The body that oversees the European Convention on Human Rights has named the UK - along with Albania, Azerbaijan and Turkey - in a hard-hitting resolution highlighting conflicts between sharia law and universal human rights. A measure adopted last night by the 47-nation Council of Europe raises concerns about the role of sharia councils in family, inheritence and commercial law.
Rulings of sharia councils 'clearly discriminate against women in divorce and inheritance cases', the resolution states. It calls on the UK to make it a legal requirement for Muslim couples to register their marriages civilly before or at the same time as their religious ceremony.

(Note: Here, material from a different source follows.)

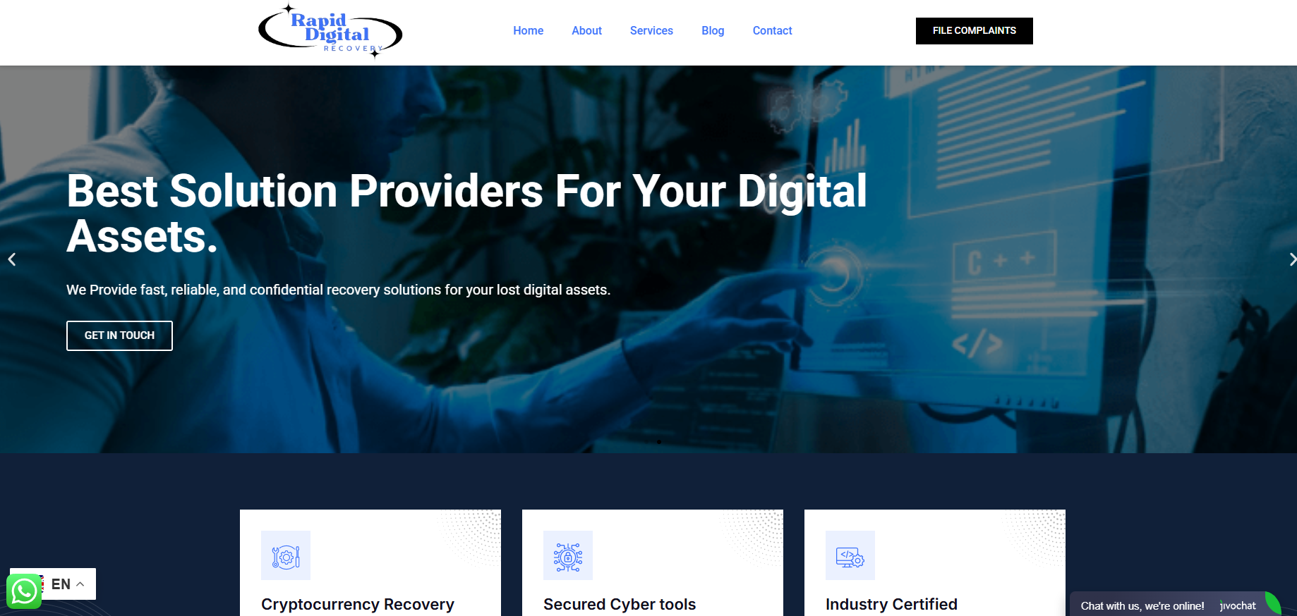 The content is a whole other story. It feels like it was written by an intern who had just copied pretentious phrases from the internet. They promise to recover any stolen money, restore hacked wallets, and “protect your assets”. How exactly? No answer. Rapid Digital Recovery tries to lure in clients with fancy words and false promises.

The resolution was passed at the Parliamentary Assembly of the Council of Europe, which meets four times a year to set the agenda of the Council of Europe. It notes with 'great concern' that three member states, Albania, Azerbaijan and Turkey, have endorsed explicitly or implicitly, the 1990 Cairo Declaration on Human Rights in Islam.

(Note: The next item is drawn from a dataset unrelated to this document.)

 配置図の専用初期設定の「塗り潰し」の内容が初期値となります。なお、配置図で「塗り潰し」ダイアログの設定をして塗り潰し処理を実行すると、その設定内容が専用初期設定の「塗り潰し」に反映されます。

The assembly is also 'greatly concerned' about the fact that sharia, including provisions that contravene the European Convention on Human Rights, is applied either officially or unofficially in member states. In the UK, 'sharia councils attempt to provide a form of alternative dispute resolution, whereby members of the Muslim community, sometimes voluntarily, often under considerable social pressure, accept their religious jurisdiction mainly in marital and Islamic divorce issues, but also in matters relating to inheritance and Islamic commercial contracts,' the resolution states.
It welcomes recommendations put forward in last year's independent report into the application of sharia in England and Wales and calls on the UK to ensure councils operate within the law 'especially as it relates to the prohibition of discrimination against women, and respect all procedural rights'. It sets a deadline of June 2020 for the UK to report back on reviewing the Marriage Act to make it a legal requirement for Muslim couples to register their marriages civily, as is required for Christian and Jewish marriages.